'''
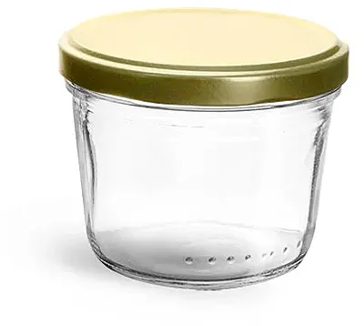 Clear Glass Jars, 230 ml Clear Glass Wide Mouth Tapered Jars w/ Gold Metal Lug Caps
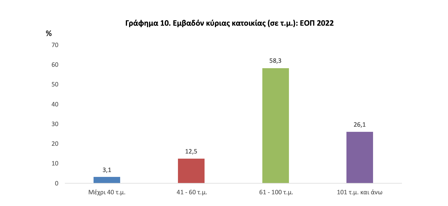 Γράφημα 10. Εμβαδόν κύριας κατοικίας (σε τ.μ.): ΕΟΠ 2022
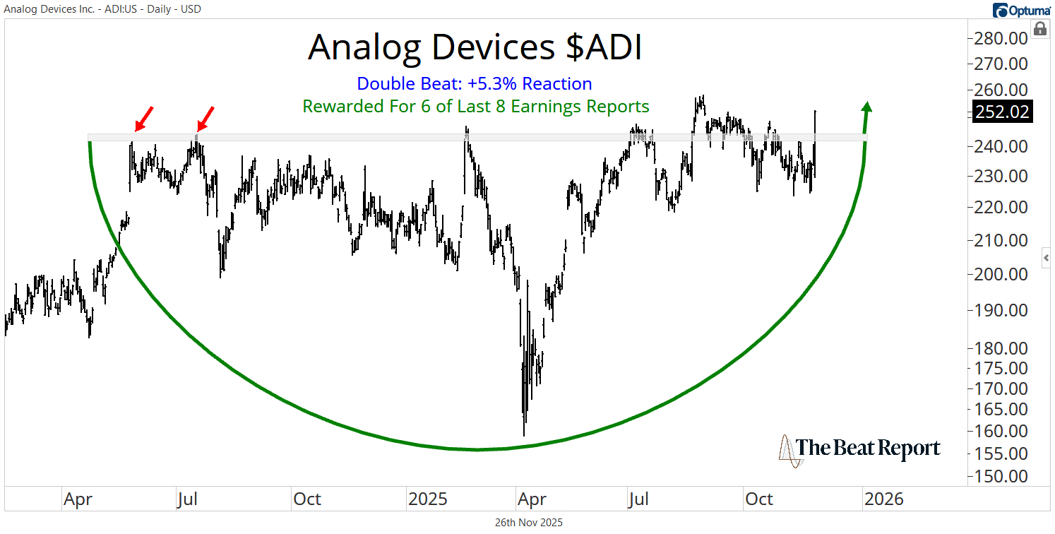 ADI has been rewarded for six of its last eight earnings reports πŸ”₯
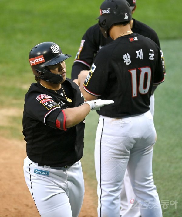3회초 무사 1루 KT 강백호가 역전 투런 홈런을 날리고 그라운드를 돌아 홈인해 하이파이브 하고 있다.
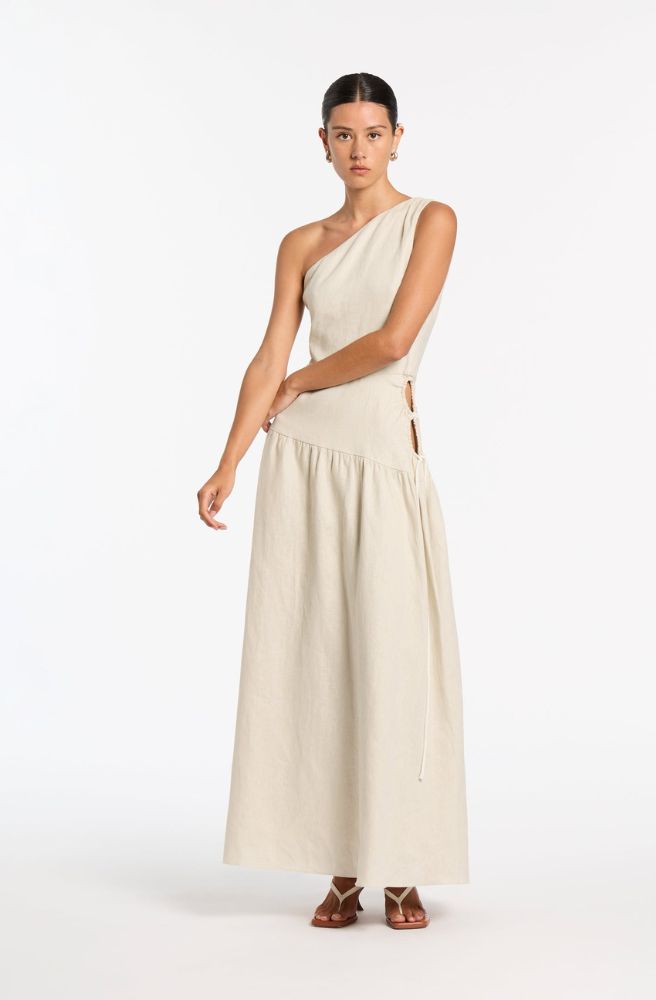 One shoulder relaxed fit maxi-dress, €436.95; us.sirthelabel.com.
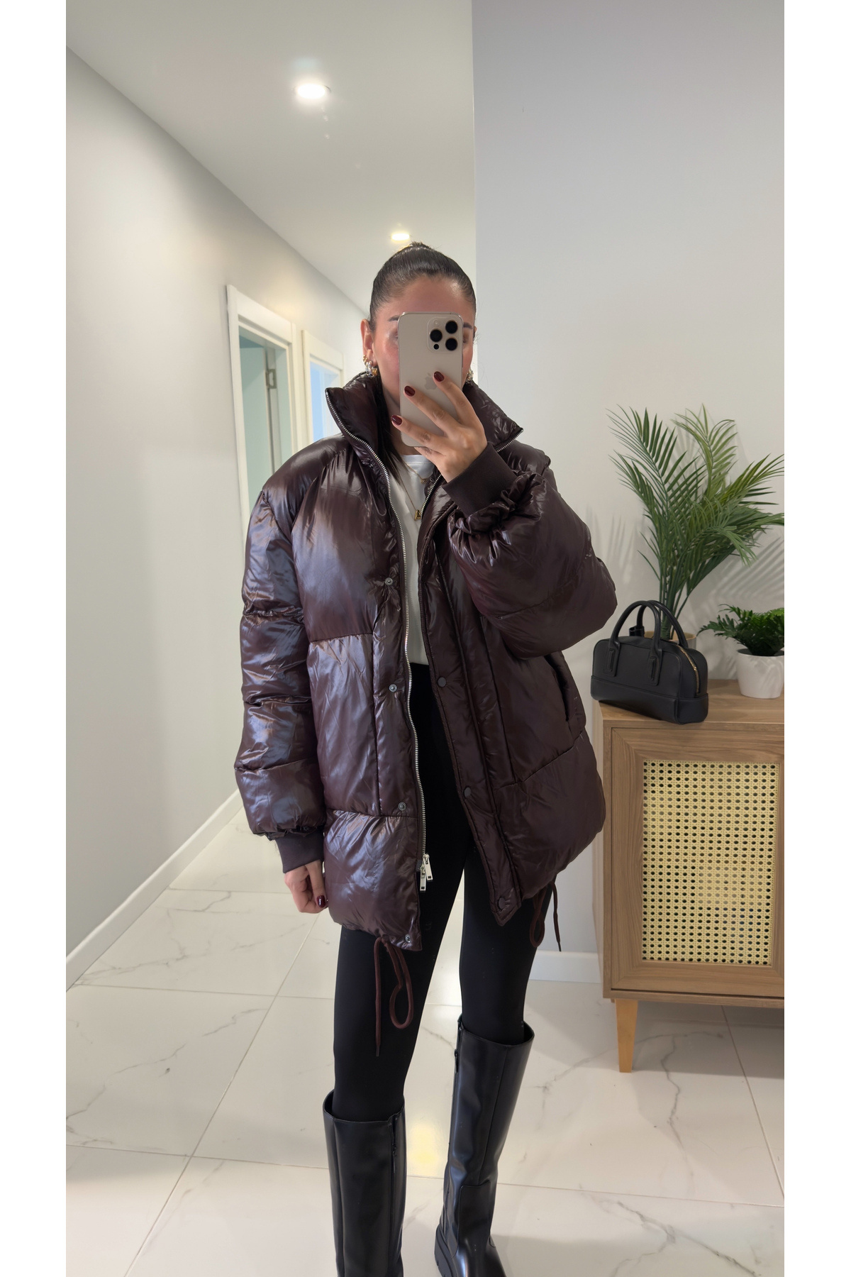 Kahverengi Şişme Deri Mont Kahverengi Şişme Deri Mont mnt-ays-1 L
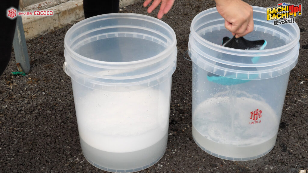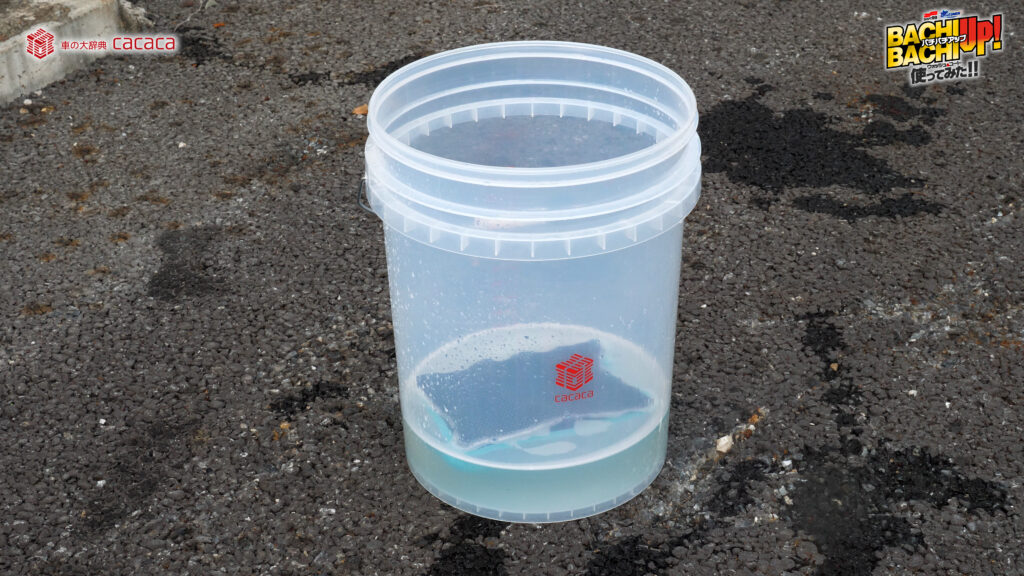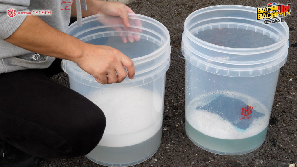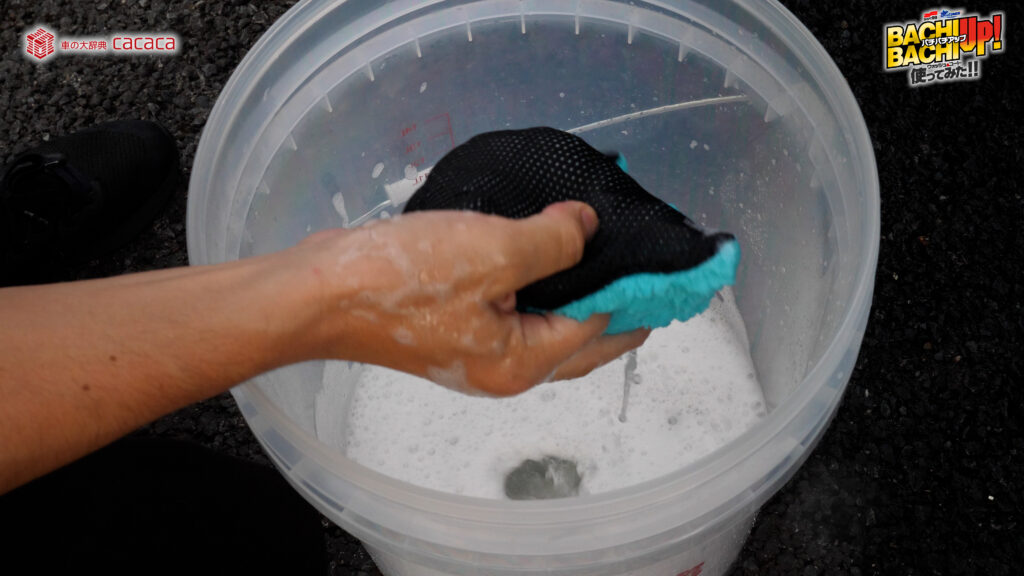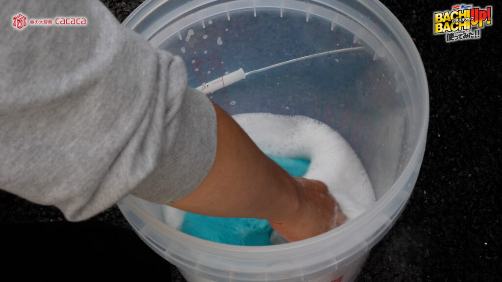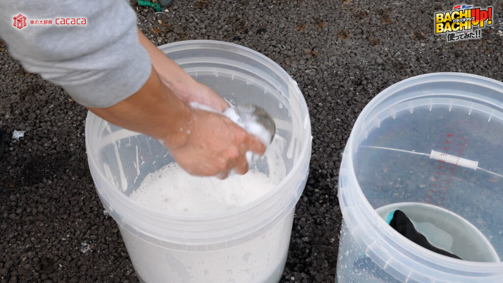※勢いよく水を注ぐことでより泡立ちます。 - ②スポンジやクロスなどにバケツ内の液を含ませ、ボディガラスに塗り込むように洗って下さい。
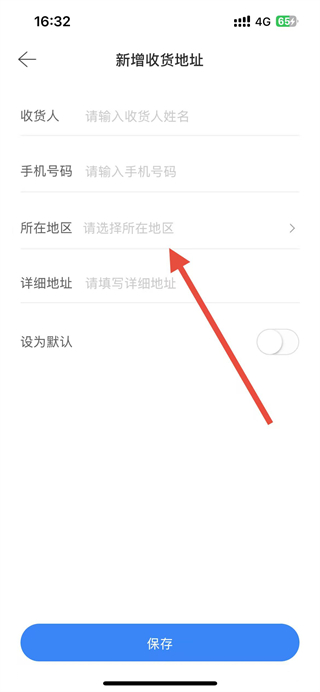 4、在新增收貨地址頁面,依次填寫詳細地址等信息,確認后點擊保存完成地址添加。
'''
Work instructions:
Retype each record exactly as it stands, but do not include the pictures.

Output of the exercise:
 Clear Glass Jars, 230 ml Clear Glass Wide Mouth Tapered Jars w/ Gold Metal Lug Caps
 Γράφημα 10. Εμβαδόν κύριας κατοικίας (σε τ.μ.): ΕΟΠ 2022
 ADI has been rewarded for six of its last eight earnings reports πŸ”₯
3회초 무사 1루 KT 강백호가 역전 투런 홈런을 날리고 그라운드를 돌아 홈인해 하이파이브 하고 있다.
 One shoulder relaxed fit maxi-dress, €436.95; us.sirthelabel.com.
 Kahverengi Şişme Deri Mont Kahverengi Şişme Deri Mont mnt-ays-1 L
※勢いよく水を注ぐことでより泡立ちます。 - ②スポンジやクロスなどにバケツ内の液を含ませ、ボディガラスに塗り込むように洗って下さい。
 4、在新增收貨地址頁面,依次填寫詳細地址等信息,確認后點擊保存完成地址添加。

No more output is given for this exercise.